Page 34 of Spawn's Suffering


Font Size:

“Exactly. That was shitty of him, and when I see him again, I’ll say something. But I’m not without fault. I’m…yeah.”

For a car ride with such a morbid purpose, I found myself feeling surprisingly relieved and light. It was like I’d carried the weight of my own mistakes on my shoulders but refused to acknowledge it because of what Corey had done. And make no mistake, Corey had fucked up terribly, and if he didn’t show any signs of contrition when—no, if—we met up again, then I could walk away from him without looking back once.

But it was mighty relieving to know I could look back at a situation as emotionally tense and wrought as that one and find a way forward. It was freeing, honestly. It felt good. It felt…empowering.

“Do you think you two will talk again?” Hailey asked.

She didn’t sound like she was sensing what I was feeling. Which was almost for the better, really. If I was to meet with Corey again, I didn’t want outside encouragement. I wanted it to come purely from my own decisions.

“If we bump into each other, maybe,” I said. “I’ll text him back to thank him at some point, but I doubt that I’ll ask to meet.”

But I didn’t say I wouldn’t. My sister nodded.

“Makes sense.”

By this point, the somber mood had returned, and no more conversation was had until we had to get gas about forty minutes later. But by the time that happened, I’d already made up my mind.

Yes, I would have coffee with Corey.

I wanted to see if he had grown up too. I wanted to see if he’d matured from the bullshit that had afflicted both of us in the latter part of our relationship. And, yes, I wanted to see if I still felt the faintest flickers of a spark when I saw him.

Maybe this was stupid. It certainly would have been even a few months ago. But I felt I was now at the point where I could put my emotions to the side when appropriate to gauge it. And if I wound up being triggered as I had when he surprised me outside Sam’s house, I knew I wouldn’t be ready.

* * *

The night hit, and we had finally made it to Odessa.

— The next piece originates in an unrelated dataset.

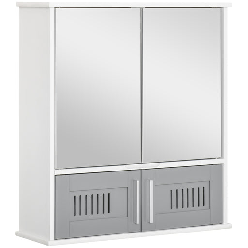 View full detailsWall-Mounted Bathroom Mirror Cabinet - Double Door Storage Cupboard with Adjustable Shelf, Grey Finish - Space-Saving Organizer for Bathroom Essentials

I had asked Hailey on the ride down if she wanted to go to the house, but she’d said no. With what little savings we had, we found a cheap motel that reeked of cigarette smoke and put our stuff down.

We had our plan for tomorrow. Fill out paperwork. Affirm some things. Start the process of cleaning out the house before putting it on the market. All things that would take time. But all things we needed to do.

Before I went to bed, however, I allowed myself to do something hopeful for the future.

I grabbed my phone, pulled up the message from Corey, and typed back.

“I appreciate it. Things are hard here, and they’re better said in person. Let me know if you want to meet for coffee.”

I hit send before I had the chance to overanalyze my words. I didn’t want to come across as sounding too romantic, as I didn’t even know if Corey was someone good for me. He had to prove it first.

But just the fact that I’d even given him the chance said a lot about where we were.

And sure enough, less than a minute later, he responded.

“Yes. Let me know when you’re available.”

A few texts later of letting him know that I was out of town but would be returning soon, it was official.

I would be seeing Corey again.

And it was both terrifying and enthralling to know that there were possibilities on both ends of the spectrum.